Ham actors are known today as those who overact, not being of high caliber in their theatrical attempts. This terms stems from the long ago practice of applying ham fat to the face to more easily remove the burnt cork used to create blackface, a part of a stage comedian’s routine. A ham actor comes from “hamfatter”—not a compliment. Hogging the stage is another aspect.

Handwriting on the wall is a portent of doom and goes back to the rule of Belshazzar. In Daniel 5 the words “Mene, Mene, Tekel, Upharsin“ appeared on the wall announcing the end of Belshazzar’s kingdom.

Hangout usually refers to a place where people gather or getting together and it stems from the phrase “Where do you hang out your sign?” which was the question professionals, artisans, and tradesmen would ask one another when inquiring about their their business.

Hard up is a tough place to be since it means being broke and hanging in the wind and that makes sense since the nautically inclined know that to put the helm hard up is to turn the ship away from the wind. So if a person is “hard up” it’s doubtful they can handle the financial storms that come up now and then.

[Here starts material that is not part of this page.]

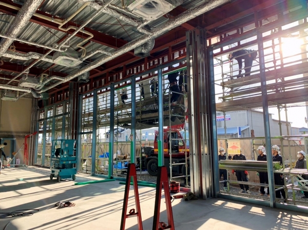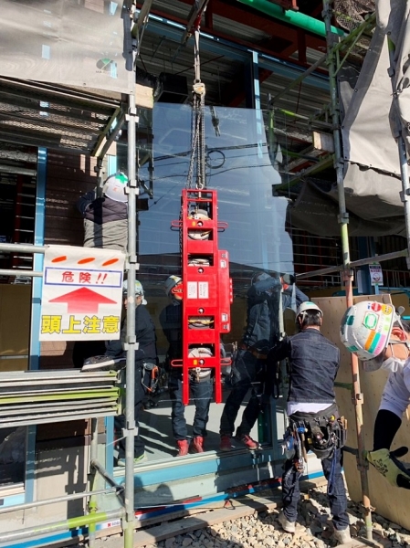 フロントサッシに15mmガラスで1650×4400(270kg)8枚他38枚施工した建物です。

Harping on a subject, going over the same subject repetitively is much like playing one string on the harp—not pleasant and somewhat annoying.

finedictionary.com

If something is “haywire” it usually indicates it’s broken, and that’s from the logging camp days when loggers would take the wire from hay bales to mend equipment.

If you are known to wear your heart in your sleeve, you probably show your emotions easily. In the days of chivalric knights, a knight would tie a scarf from his lady love around his arm to indicate his favor—all would see where his heart lay.

If someone is on their “high horse” he or she is acting superior, and in those yesteryear days of transportation, someone riding high up on their horse was definitely superior to those having to walk.